§ Exercise brief: Taking the line with "从日线K线图来看,汇价自低点" as the first and the line with "The app is a" as the last, set down the lines below exactly, pictures excluded.

§ Provided records:
◆ ◆ ◆ ◆
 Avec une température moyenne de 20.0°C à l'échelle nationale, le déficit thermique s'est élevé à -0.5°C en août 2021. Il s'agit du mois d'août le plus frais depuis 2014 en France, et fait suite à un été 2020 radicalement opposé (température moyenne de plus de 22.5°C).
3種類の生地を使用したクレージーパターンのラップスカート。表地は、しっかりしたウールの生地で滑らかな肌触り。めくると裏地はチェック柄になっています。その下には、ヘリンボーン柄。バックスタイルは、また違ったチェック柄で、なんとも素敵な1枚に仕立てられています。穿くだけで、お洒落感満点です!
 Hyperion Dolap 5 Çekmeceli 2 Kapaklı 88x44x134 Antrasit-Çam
◆ ◆ ◆ ◆
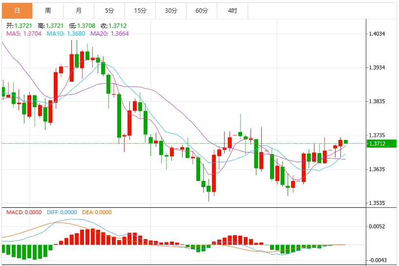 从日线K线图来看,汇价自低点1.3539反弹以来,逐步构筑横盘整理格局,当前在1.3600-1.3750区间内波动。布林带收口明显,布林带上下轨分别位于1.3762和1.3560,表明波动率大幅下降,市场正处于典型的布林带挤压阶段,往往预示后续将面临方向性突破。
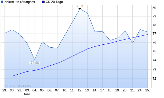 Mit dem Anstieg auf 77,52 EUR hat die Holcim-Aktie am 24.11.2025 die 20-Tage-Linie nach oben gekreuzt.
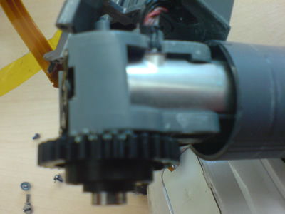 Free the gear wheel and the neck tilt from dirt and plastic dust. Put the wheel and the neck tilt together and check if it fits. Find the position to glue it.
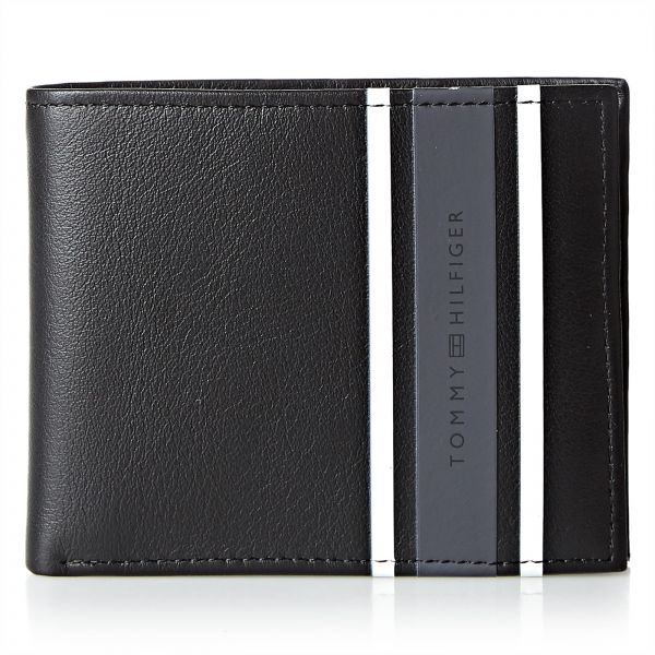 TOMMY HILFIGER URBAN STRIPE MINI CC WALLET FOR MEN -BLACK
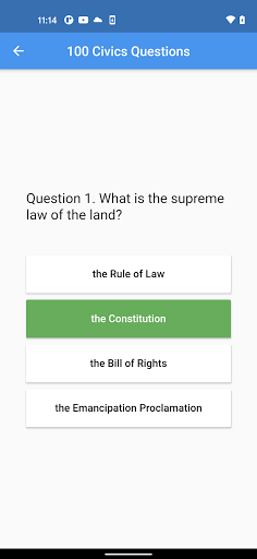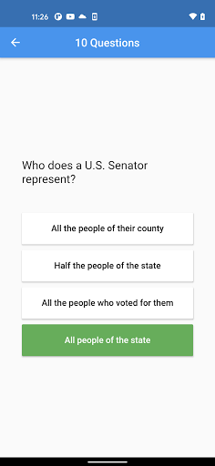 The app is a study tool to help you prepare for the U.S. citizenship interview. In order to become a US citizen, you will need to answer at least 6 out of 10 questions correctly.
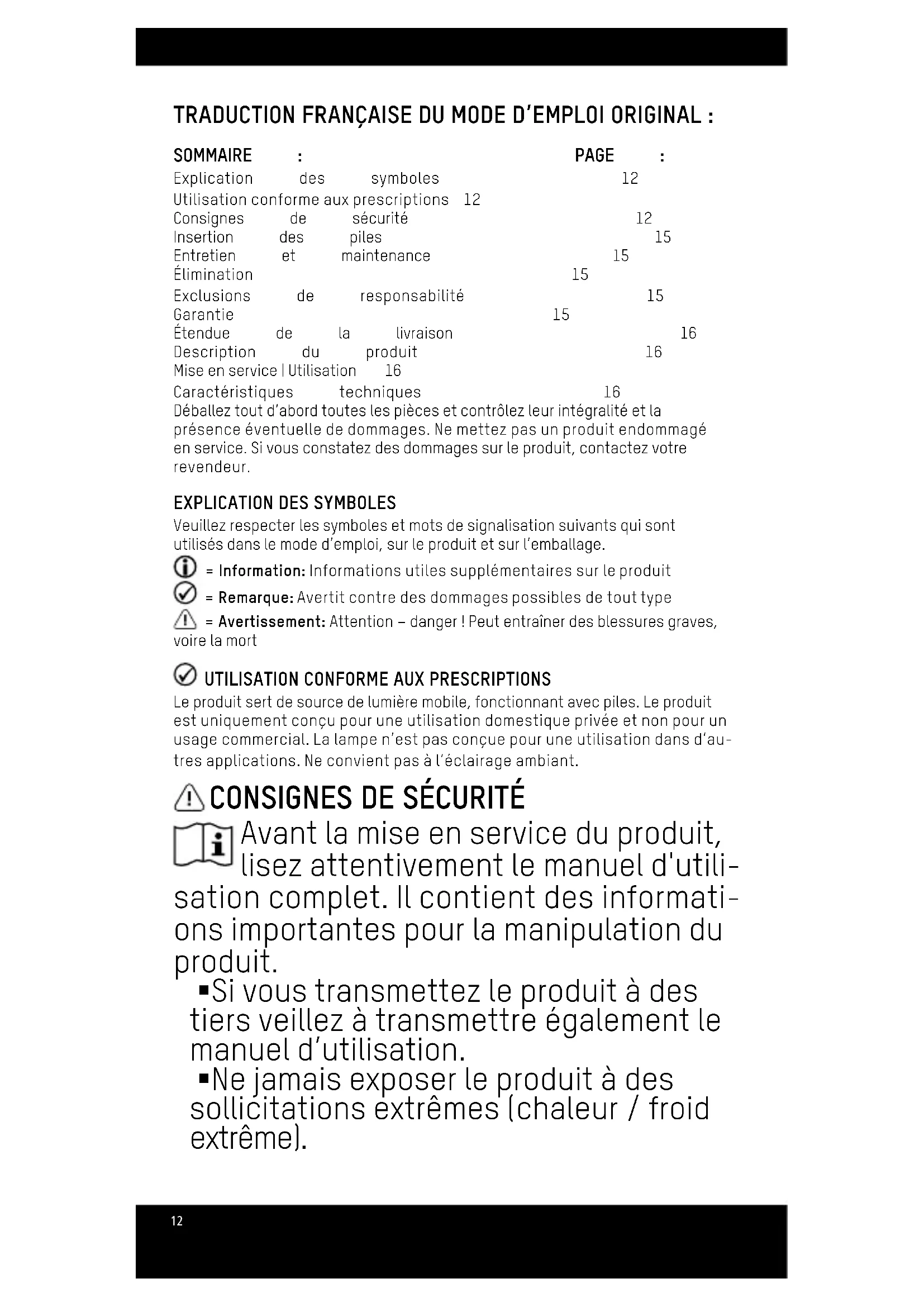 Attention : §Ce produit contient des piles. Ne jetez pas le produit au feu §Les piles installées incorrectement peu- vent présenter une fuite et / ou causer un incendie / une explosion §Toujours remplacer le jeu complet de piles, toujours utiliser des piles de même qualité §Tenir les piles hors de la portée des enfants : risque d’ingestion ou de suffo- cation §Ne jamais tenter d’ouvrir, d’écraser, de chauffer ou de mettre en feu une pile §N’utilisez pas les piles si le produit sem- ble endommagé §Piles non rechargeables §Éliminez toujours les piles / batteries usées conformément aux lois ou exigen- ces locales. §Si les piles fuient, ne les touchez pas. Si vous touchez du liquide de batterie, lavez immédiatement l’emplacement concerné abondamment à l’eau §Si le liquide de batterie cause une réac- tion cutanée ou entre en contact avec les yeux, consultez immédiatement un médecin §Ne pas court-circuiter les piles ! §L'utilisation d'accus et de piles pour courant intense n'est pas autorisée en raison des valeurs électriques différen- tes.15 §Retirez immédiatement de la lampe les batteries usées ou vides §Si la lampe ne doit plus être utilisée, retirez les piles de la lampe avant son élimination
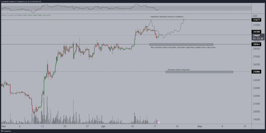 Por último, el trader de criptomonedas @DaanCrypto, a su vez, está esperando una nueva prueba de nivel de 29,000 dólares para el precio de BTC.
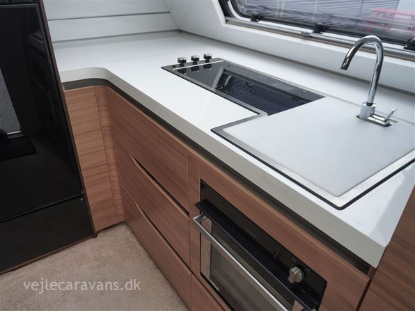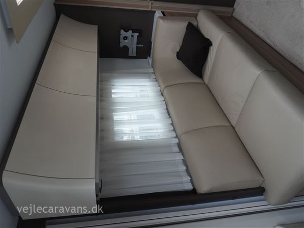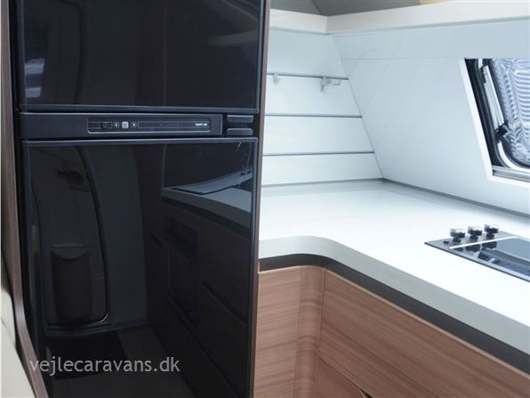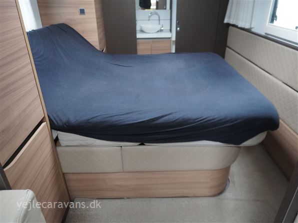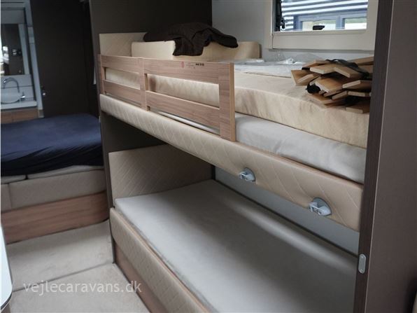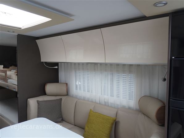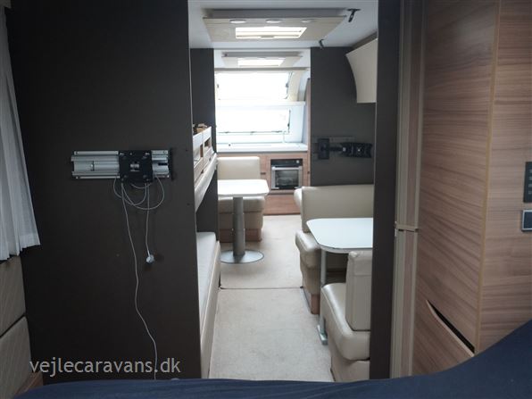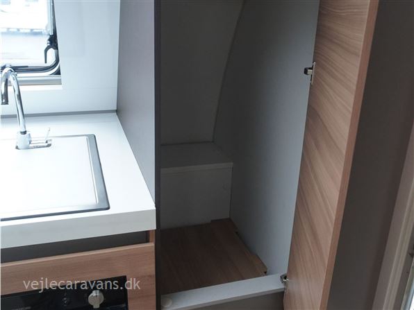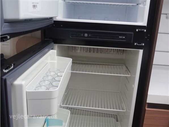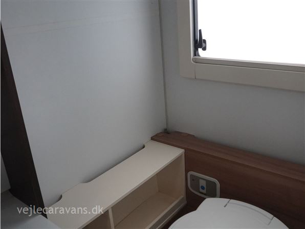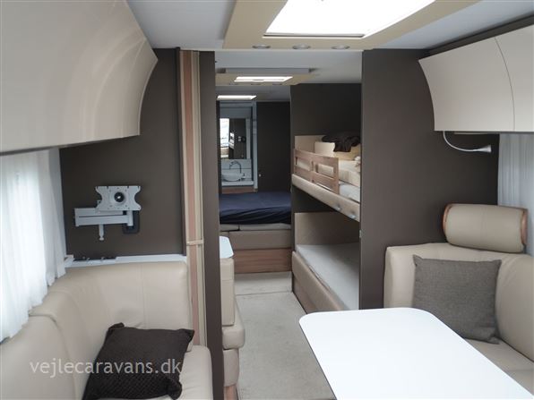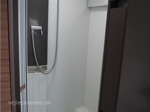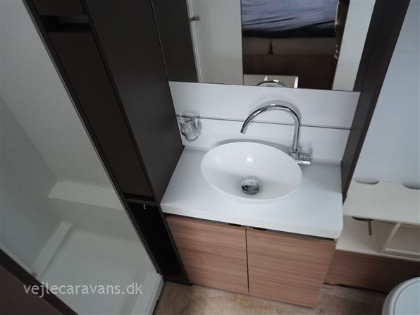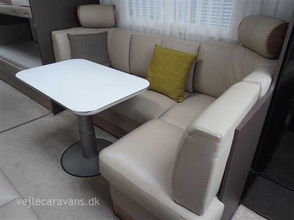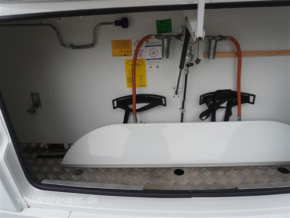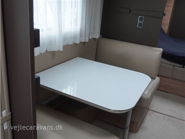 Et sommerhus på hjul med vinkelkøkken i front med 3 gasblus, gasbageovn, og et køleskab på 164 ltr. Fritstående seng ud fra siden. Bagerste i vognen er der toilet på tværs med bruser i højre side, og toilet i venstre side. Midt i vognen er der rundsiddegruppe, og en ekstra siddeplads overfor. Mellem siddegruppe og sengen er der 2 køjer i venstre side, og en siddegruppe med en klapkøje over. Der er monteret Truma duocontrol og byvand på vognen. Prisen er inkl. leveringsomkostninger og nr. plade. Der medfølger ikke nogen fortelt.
◆ ◆ ◆ ◆
§ Output of the exercise:
 从日线K线图来看,汇价自低点1.3539反弹以来,逐步构筑横盘整理格局,当前在1.3600-1.3750区间内波动。布林带收口明显,布林带上下轨分别位于1.3762和1.3560,表明波动率大幅下降,市场正处于典型的布林带挤压阶段,往往预示后续将面临方向性突破。
 Mit dem Anstieg auf 77,52 EUR hat die Holcim-Aktie am 24.11.2025 die 20-Tage-Linie nach oben gekreuzt.
 Free the gear wheel and the neck tilt from dirt and plastic dust. Put the wheel and the neck tilt together and check if it fits. Find the position to glue it.
 TOMMY HILFIGER URBAN STRIPE MINI CC WALLET FOR MEN -BLACK
 The app is a study tool to help you prepare for the U.S. citizenship interview. In order to become a US citizen, you will need to answer at least 6 out of 10 questions correctly.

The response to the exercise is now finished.